Thursday, May 5, 2022

Probity

Probity (pronounced proh-bi-tee or prob-i-tee)

Integrity and uprightness; honesty.

1505-1515: From the Middle English probite (tried virtue or integrity, strict honesty), from the Middle French probité, from probitatem (nominative probitās (uprightness, honesty), from probus (virtuous, good, excellent, honest).  The construct of the Latin probitās was prob(us) (upright; worthy, good) + itās (the -itas suffix was from the Proto-Italic -itāts & -otāts (-tās added to i-stems or o-stems, later used freely) and ultimately from the primitive Indo-European -tehats.  The noun plural is probities.  Synonyms include (variously according to context) godliness, goodness, honor, righteousness, saintliness, uprightness & virtue; the antonym which best catches the sense is probably wickedness.

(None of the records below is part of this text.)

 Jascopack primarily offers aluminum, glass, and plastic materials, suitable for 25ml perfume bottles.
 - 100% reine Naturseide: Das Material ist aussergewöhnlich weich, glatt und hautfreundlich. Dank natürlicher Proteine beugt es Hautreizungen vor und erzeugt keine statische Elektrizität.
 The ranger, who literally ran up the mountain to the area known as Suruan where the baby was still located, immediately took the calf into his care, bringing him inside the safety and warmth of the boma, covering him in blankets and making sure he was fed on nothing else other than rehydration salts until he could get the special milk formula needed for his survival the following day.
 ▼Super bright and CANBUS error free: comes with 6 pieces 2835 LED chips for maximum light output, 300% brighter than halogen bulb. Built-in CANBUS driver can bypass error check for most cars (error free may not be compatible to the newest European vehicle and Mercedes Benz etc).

Quia suam uxorem etiam suspicione vacare vellet

Pompeia was (probably the second) wife of Julius Caesar (100–44 BC; Roman general & dictator 49-44 BC) who Caesar married in 67 BC.  In 63 BC Caesar was elected to the position of Pontifex Maximus (head priest of the Roman state church), a perk of which was a grand house on the Via Sacra and it was there in 62 BC that Pompeia hosted the festival of the Bona Dea (the good goddess), an event no man was allowed to attend.  However a young man called Publius Clodius Pulcher, disguised as a woman, managed to enter the house, his purpose the seduction of Pompeia.

Discovered early in the event, he was arrested and Caesar immediately divorced Pompeia.  The young man was prosecuted for sacrilege but when called as a witness, Caesar disavowed any knowledge of the events and declined to offer any evidence against Clodius who was therefore acquitted.  Pompeia assured her husband her honor hadn’t been violated which her husband believed but when asked by the prosecutor why therefore he'd divorced her, Caesar's answer was that his wife couldn't be even under suspicion and there must be no doubt as to the probity of Caesar's wife.

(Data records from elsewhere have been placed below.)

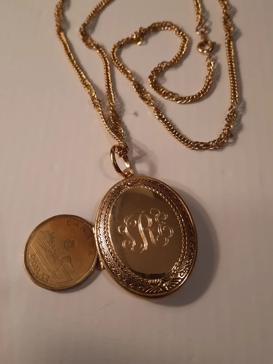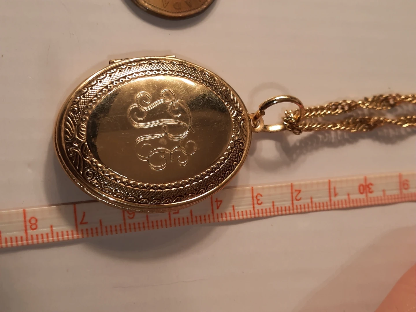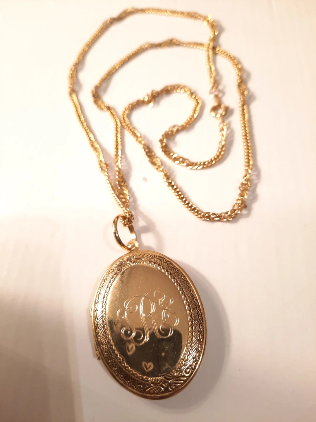 A beautiful oval locket necklace with a gold tone finish. It features an ornate embossed border and a monogram in the front. The locket opens to hold photos. A classic piece to add to any jewellery collection!large locket.
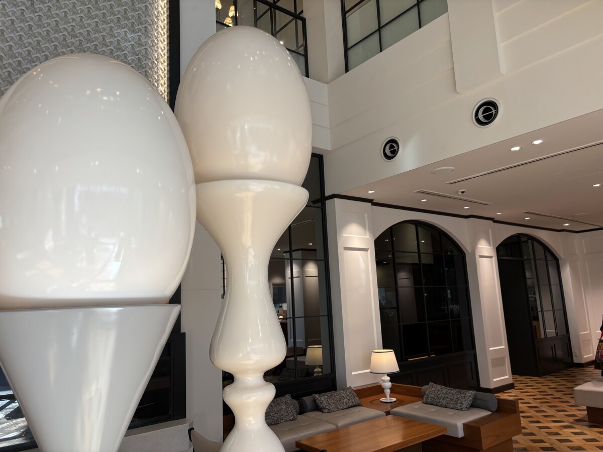 施設に一歩踏み入れると、モダンな空間の中に巨大なエッグスタンドがお目見え。
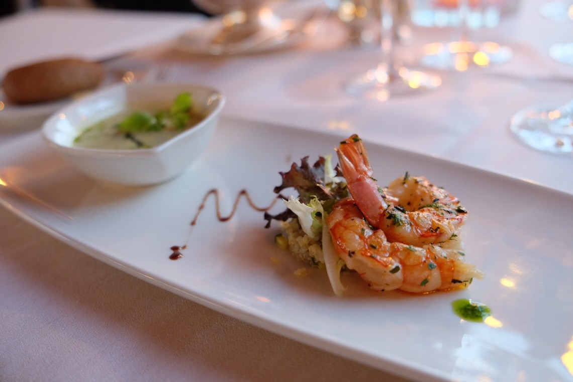 Wir bestellen das Überraschungsmenü (140 Franken) und eine weniger überraschende Weinreise (90 Franken für 5 Gläser). Der Gruss, das Barsch-Trio (oben im Bild), die Crevetten mit Gazpacho (unten im Bild) und der Käse waren hervorragend.
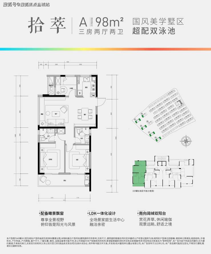 98方边套大三房、双阳台户型,产品稀缺,杭州罕见!
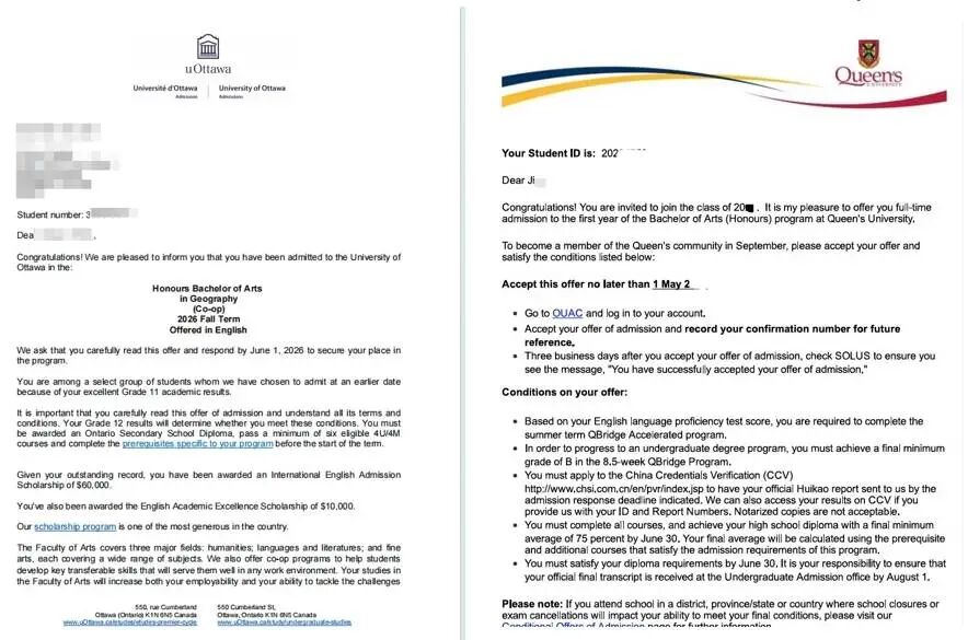 准备了语言、文书,未提交高考成绩申请到世界名 校,最终录取到加拿大皇后大学/渥太华大学等医博类TOP10名 校。
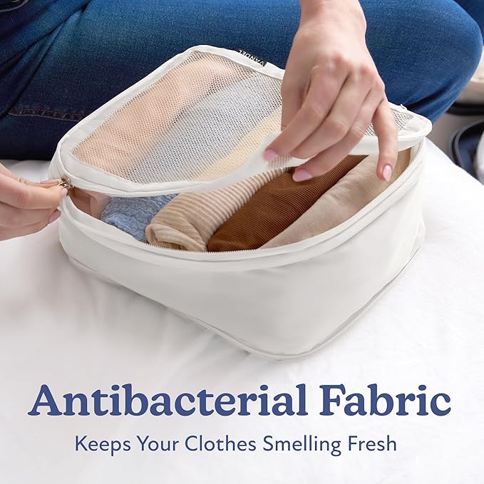 - Fabric - Made from odor-resistant fabric that’s infused with silver ions, these packing cubes for carry on suitcase and travel will always smell fresh; The breathable mesh design keeps clothing fresh and compact

From this passed into use the phrase attributed to Julius Caesar by the Greek (later Roman) historian Plutarch (circa 46–circa 124): quia suam uxorem etiam suspicione vacare vellet (because he should wish even his wife to be free from suspicion) which is translated usually as "because Caesar's wife must be above suspicion", and the expression of womanly virtue therefore being understood as "acting with the probity of Caesar's wife".

Many subsequent Caesars have benefited from the probity of their wives, their rectitude not always appreciated or reciprocated.